EXERCISE DIRECTIONS -
Pictures are not part of the answer. Write out exactly the lines from the one containing "Đồ chơi túi" through the end of the material below.

DATA SHOWN -
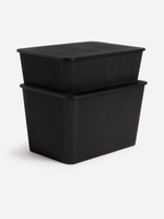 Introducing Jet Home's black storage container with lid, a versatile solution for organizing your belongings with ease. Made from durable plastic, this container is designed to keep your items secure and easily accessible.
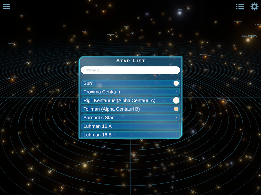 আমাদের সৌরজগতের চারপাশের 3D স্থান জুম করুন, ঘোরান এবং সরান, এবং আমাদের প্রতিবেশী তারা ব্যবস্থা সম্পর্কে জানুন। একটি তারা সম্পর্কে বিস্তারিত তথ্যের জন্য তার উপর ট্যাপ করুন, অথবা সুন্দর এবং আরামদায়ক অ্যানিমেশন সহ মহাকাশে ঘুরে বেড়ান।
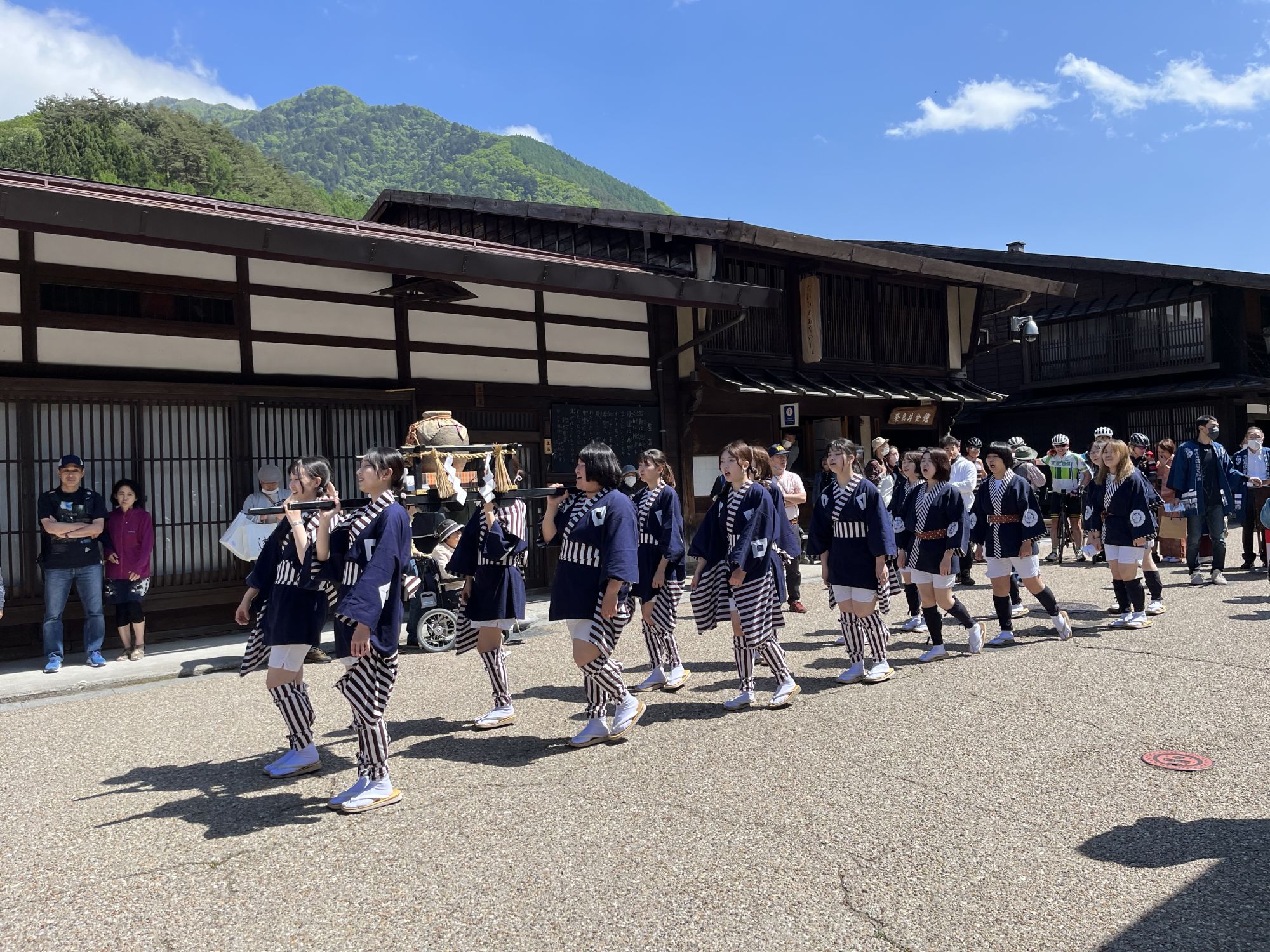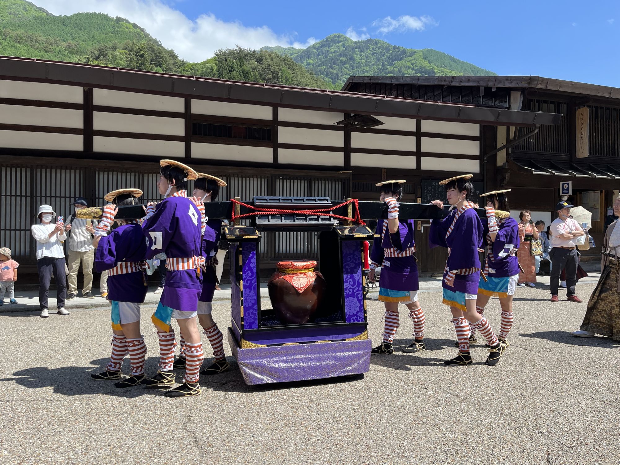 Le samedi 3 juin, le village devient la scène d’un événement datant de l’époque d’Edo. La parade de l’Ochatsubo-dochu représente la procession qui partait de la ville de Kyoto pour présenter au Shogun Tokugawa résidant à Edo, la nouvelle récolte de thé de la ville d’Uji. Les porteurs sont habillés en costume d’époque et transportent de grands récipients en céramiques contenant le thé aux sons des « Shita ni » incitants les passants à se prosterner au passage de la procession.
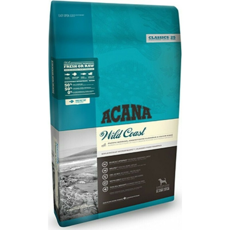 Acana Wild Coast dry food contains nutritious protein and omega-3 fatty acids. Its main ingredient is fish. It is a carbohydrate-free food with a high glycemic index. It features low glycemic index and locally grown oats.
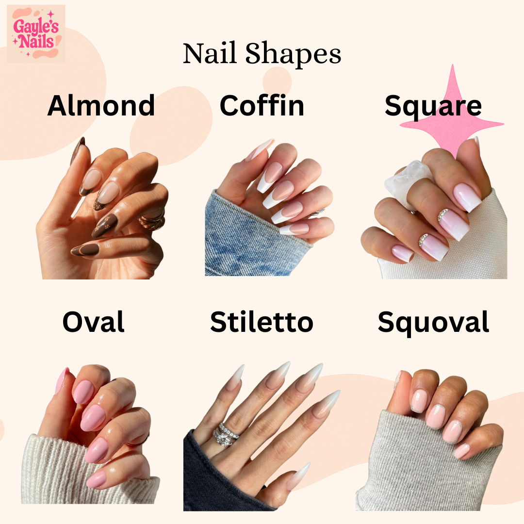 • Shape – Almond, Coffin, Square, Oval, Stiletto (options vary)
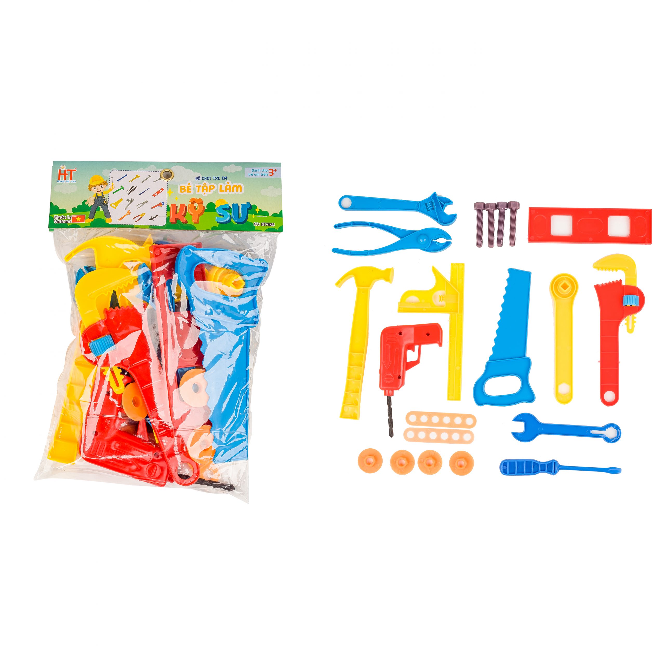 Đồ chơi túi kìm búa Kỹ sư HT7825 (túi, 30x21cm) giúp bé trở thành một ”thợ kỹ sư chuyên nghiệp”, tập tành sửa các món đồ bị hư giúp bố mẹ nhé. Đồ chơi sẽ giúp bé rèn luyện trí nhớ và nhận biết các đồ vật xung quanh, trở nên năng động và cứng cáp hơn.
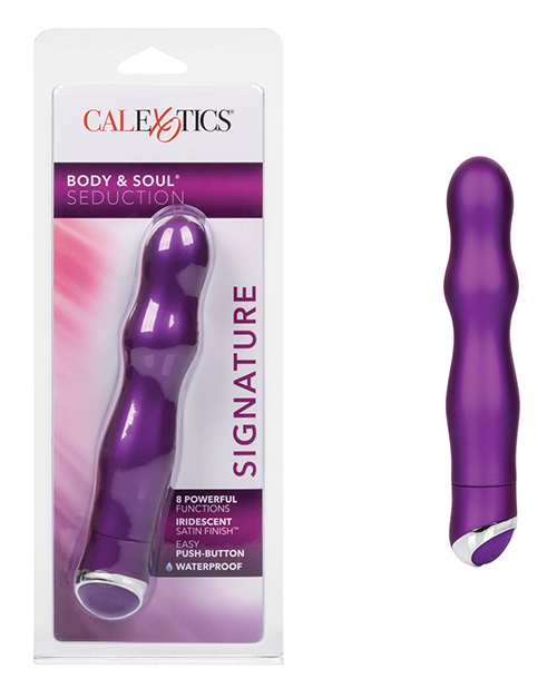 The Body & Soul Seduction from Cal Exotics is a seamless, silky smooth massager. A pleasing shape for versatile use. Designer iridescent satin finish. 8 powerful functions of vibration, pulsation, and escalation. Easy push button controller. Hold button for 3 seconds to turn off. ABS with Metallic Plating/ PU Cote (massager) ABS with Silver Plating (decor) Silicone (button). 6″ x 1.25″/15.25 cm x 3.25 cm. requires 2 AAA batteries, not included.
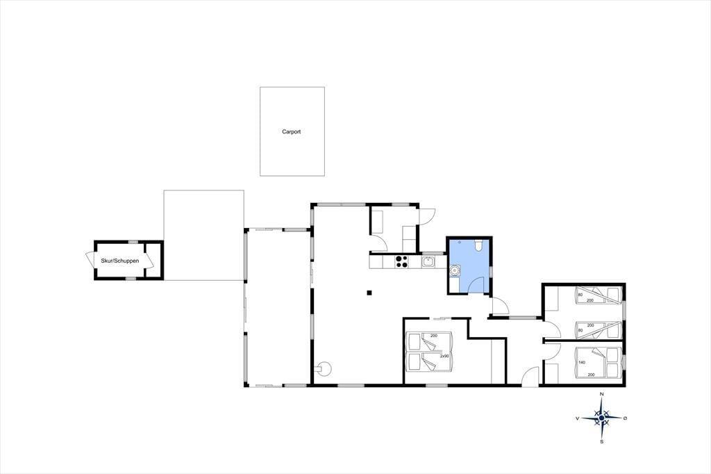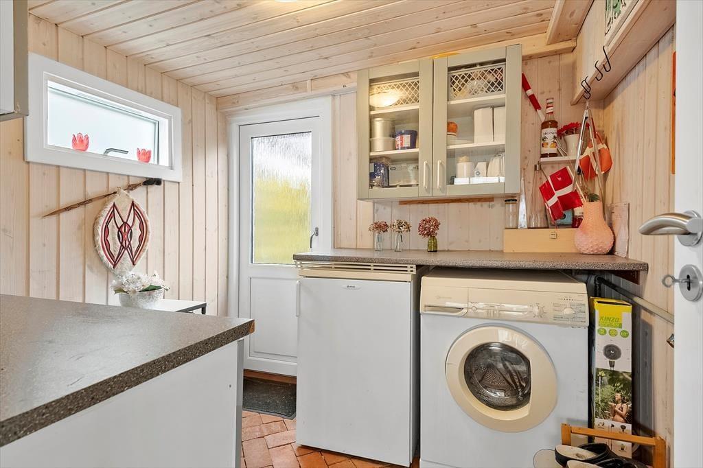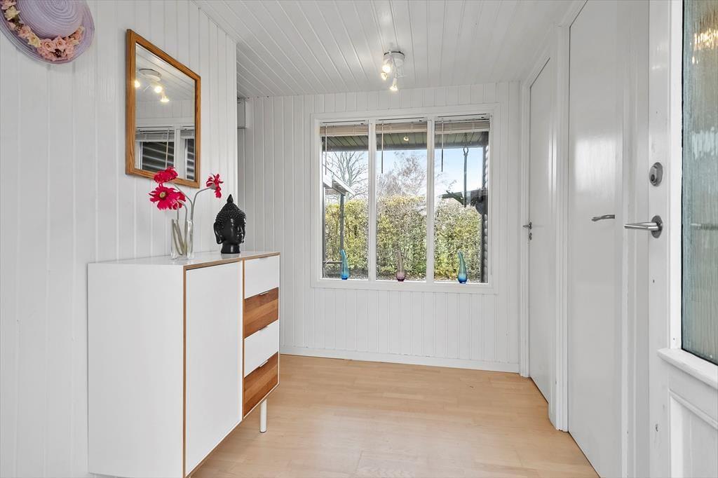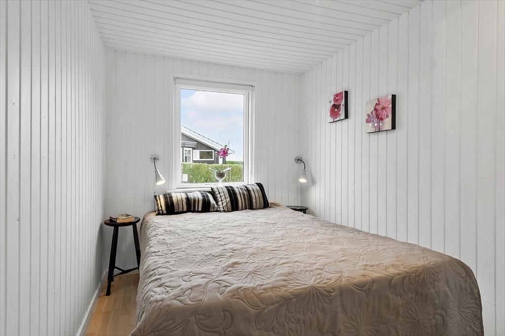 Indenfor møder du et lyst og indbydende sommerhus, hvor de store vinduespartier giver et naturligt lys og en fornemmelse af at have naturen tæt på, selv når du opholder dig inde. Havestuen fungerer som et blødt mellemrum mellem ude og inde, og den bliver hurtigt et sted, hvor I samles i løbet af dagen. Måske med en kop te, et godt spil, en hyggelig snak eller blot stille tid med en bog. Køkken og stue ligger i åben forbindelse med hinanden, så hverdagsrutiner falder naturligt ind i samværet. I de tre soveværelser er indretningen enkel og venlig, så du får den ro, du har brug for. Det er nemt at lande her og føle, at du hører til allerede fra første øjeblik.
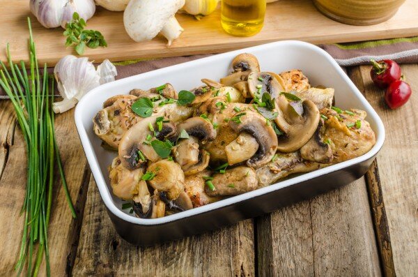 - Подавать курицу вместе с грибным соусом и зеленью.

RESPONSE -
 Đồ chơi túi kìm búa Kỹ sư HT7825 (túi, 30x21cm) giúp bé trở thành một ”thợ kỹ sư chuyên nghiệp”, tập tành sửa các món đồ bị hư giúp bố mẹ nhé. Đồ chơi sẽ giúp bé rèn luyện trí nhớ và nhận biết các đồ vật xung quanh, trở nên năng động và cứng cáp hơn.
 The Body & Soul Seduction from Cal Exotics is a seamless, silky smooth massager. A pleasing shape for versatile use. Designer iridescent satin finish. 8 powerful functions of vibration, pulsation, and escalation. Easy push button controller. Hold button for 3 seconds to turn off. ABS with Metallic Plating/ PU Cote (massager) ABS with Silver Plating (decor) Silicone (button). 6″ x 1.25″/15.25 cm x 3.25 cm. requires 2 AAA batteries, not included.
 Indenfor møder du et lyst og indbydende sommerhus, hvor de store vinduespartier giver et naturligt lys og en fornemmelse af at have naturen tæt på, selv når du opholder dig inde. Havestuen fungerer som et blødt mellemrum mellem ude og inde, og den bliver hurtigt et sted, hvor I samles i løbet af dagen. Måske med en kop te, et godt spil, en hyggelig snak eller blot stille tid med en bog. Køkken og stue ligger i åben forbindelse med hinanden, så hverdagsrutiner falder naturligt ind i samværet. I de tre soveværelser er indretningen enkel og venlig, så du får den ro, du har brug for. Det er nemt at lande her og føle, at du hører til allerede fra første øjeblik.
 - Подавать курицу вместе с грибным соусом и зеленью.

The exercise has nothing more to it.